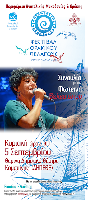 Σε συνέχεια των εκδηλώσεων, την Κυριακή 5 Σεπτεμβρίου 2021 στις 9.00 μ.μ. στον χώρο του Θερινού Δημοτικού Θεάτρου Κομοτηνής θα πραγματοποιηθεί η μουσική εκδήλωση – συναυλία με τη Φωτεινή Βελεσιώτου. Μαζί της ο Βασίλης Προδρόμου.
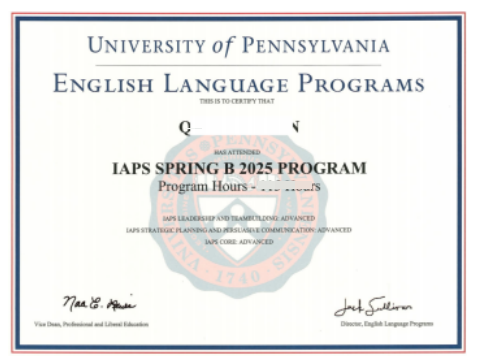 参加项目的学生与国际学生混合编班,由宾夕法尼亚大学进行统一的学术管理与学术考核,获得宾夕法尼亚大学正式成绩单。
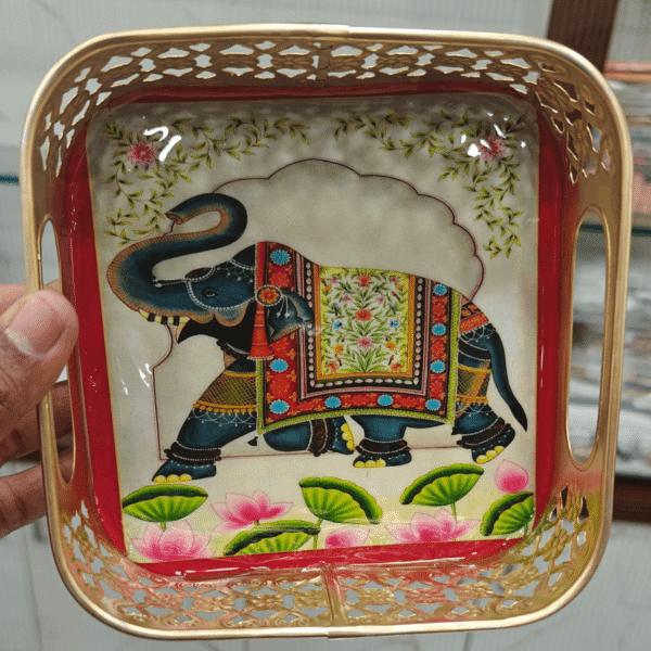 | Description | Blue pichwai 6inch tray | Pichwai kumkum box (Green) | Elephant square 6 inch tray | Pichwai kumkum box (Orange) | Pichwai kumkum box (Purple) | ||||||||||
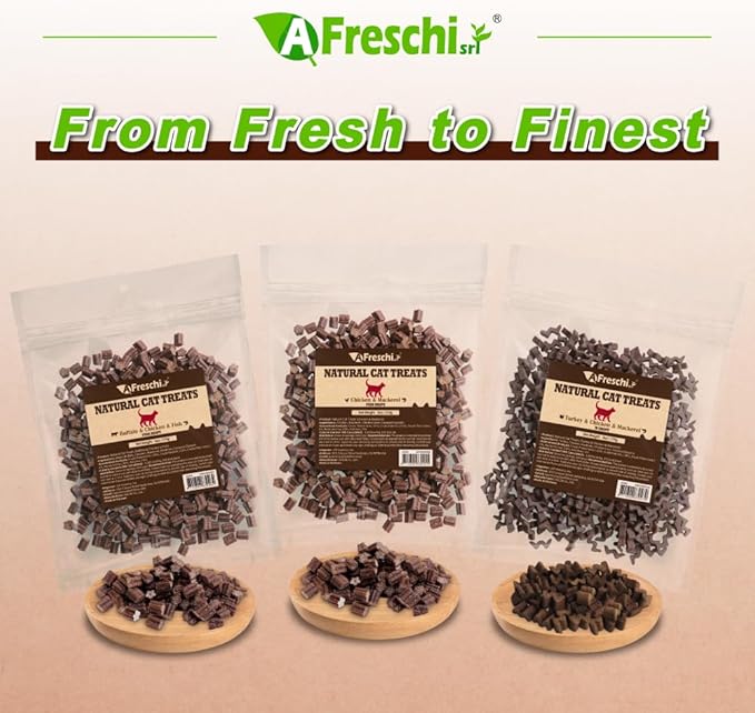 AFreschi Natural Cat Treats Turkey & Chicken & Mackerel W Shape 6 oz, All-Natural, High-Protein, Grain-Free, Healthy, Low-Fat, Easily Digestible
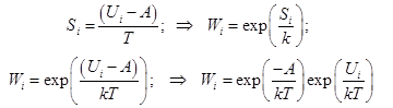 В разных микросостояниях энтропия и внутренняя энергия (Ui; Si) системы могут различаться, но неизменна их свободная энергия. Справедлива цепочка равенств:
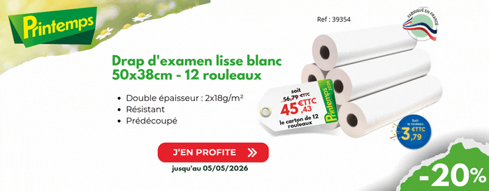 Drap d'examen ouaté lisse - 50 x 38cm - Carton de 12 rouleaux

-=-=-

▶ **WHAT IS NEEDED**
From the first line through the line with "AFreschi Natural Cat", output those lines of the entries above exactly, and nothing else, with the pictures left out.

▶ **TASK RESULT**
 Σε συνέχεια των εκδηλώσεων, την Κυριακή 5 Σεπτεμβρίου 2021 στις 9.00 μ.μ. στον χώρο του Θερινού Δημοτικού Θεάτρου Κομοτηνής θα πραγματοποιηθεί η μουσική εκδήλωση – συναυλία με τη Φωτεινή Βελεσιώτου. Μαζί της ο Βασίλης Προδρόμου.
 参加项目的学生与国际学生混合编班,由宾夕法尼亚大学进行统一的学术管理与学术考核,获得宾夕法尼亚大学正式成绩单。
 | Description | Blue pichwai 6inch tray | Pichwai kumkum box (Green) | Elephant square 6 inch tray | Pichwai kumkum box (Orange) | Pichwai kumkum box (Purple) | ||||||||||
 AFreschi Natural Cat Treats Turkey & Chicken & Mackerel W Shape 6 oz, All-Natural, High-Protein, Grain-Free, Healthy, Low-Fat, Easily Digestible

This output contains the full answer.